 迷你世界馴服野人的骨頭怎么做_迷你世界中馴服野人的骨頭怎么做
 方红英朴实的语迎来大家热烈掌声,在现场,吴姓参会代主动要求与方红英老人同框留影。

---

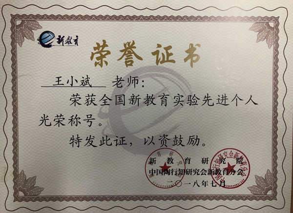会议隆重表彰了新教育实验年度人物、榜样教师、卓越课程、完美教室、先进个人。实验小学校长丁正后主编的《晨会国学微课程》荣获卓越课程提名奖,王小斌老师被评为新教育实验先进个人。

--

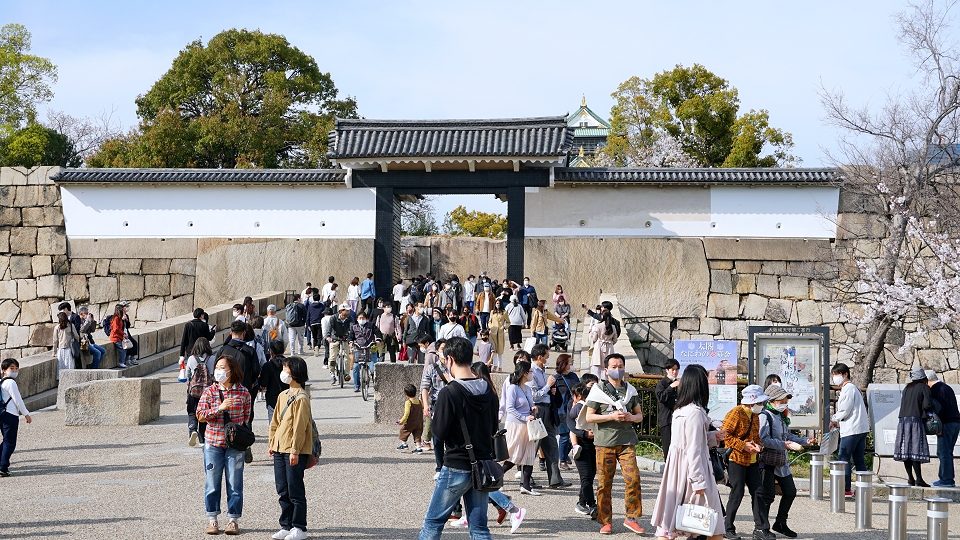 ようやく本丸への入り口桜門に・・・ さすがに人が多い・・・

## [TO DO]
Within the data above, the span starting at the line containing "迷你世界馴服野人的骨頭怎么做_迷你世界中馴服野人的骨頭怎么做" and ending at the line containing "方红英朴实的语迎来大家热烈掌" is to be retyped exactly, with no other lines.

## [OUTPUT FOR THIS TASK]
 迷你世界馴服野人的骨頭怎么做_迷你世界中馴服野人的骨頭怎么做
 方红英朴实的语迎来大家热烈掌声,在现场,吴姓参会代主动要求与方红英老人同框留影。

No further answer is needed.